Qu’est-ce que cela veut dire au juste lorsqu’on dit qu’on a un monde ? Qu’est-ce qui, dans ce
monde, se partage ? Et qu’est-ce qui ne se partage pas ? Ce que montre la réduction
phénoménologique, c’est que l’homme n’est pas dans le monde comme une chose ou une autre.

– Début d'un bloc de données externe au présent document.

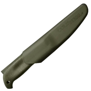 A design collaboration between Andrew Demko and Lynn C. Thompson, the Cold Steel Finn Hawk is the latest in our series of inexpensive hard wearing bushcraft and outdoor tools. Its traditional Nordic styled “Scandi Ground” German 4116 steel blade is sub-zero cryo-quenched for superior edge holding potential, with a steep 7.5mm blade bevel and a functional curving belly for skinning and slicing strokes. Furthermore, its 4” blade is more than big enough for most game processing tasks, not to mention for camp chores and food prep too. The Finn Hawk’s handle is two time injection molded. The first layer of high-impact polypropylene is strong, durable and highly weather resistant, while the outer layer (made of TPR rubber) has a whorled spiral pattern providing a food safe, comfortable and secure grip in even the worst conditions. The Finn Hawk is supplied complete with a slim line secure-ex polymer sheath with integrated belt loop.

L’homme vit dans un espace ouvert, il est au monde (et non pas dans le monde). Et c’est alors avec
le monde comme arrière fond que nous pouvons avoir un rapport authentique aux choses, que nous
pouvons être auprès des choses. En d’autres termes, l’être humain a un monde et il a besoin d’un tel
monde pour déployer ses possibilités. C’est à partir de ce fond irréductible qu’est le monde qu’on
peut développer des attitudes stables dans celui-ci, ce qui permet d’avoir prise sur la réalité. Ainsi,
nous pouvons compter sur un certain nombre d’évidences et c’est ces évidences qui nous permettent
de nous livrer à d’autres occupations. Le problème c’est que, dans son vouloir inlassable de
maîtrise, l’homme détruit peu à peu ce fond. Et c’est ce que la phénoménologie révèle, à savoir que
ce fond du monde n’est pas à l’abri de multiples dégât. Dans une certaine mesure, le courant
phénoménologique s’apparente au rapport qu’avaient les grecs avec le monde. En effet, tant dans la
pensée grecque que dans la phénoménologie, il y a un souci très fort de préserver le monde et la
nature. Autrement dit, la phénoménologie offre une conscience très forte d’un monde et d’une
nature qu’il faut préserver, mettre à l’abri.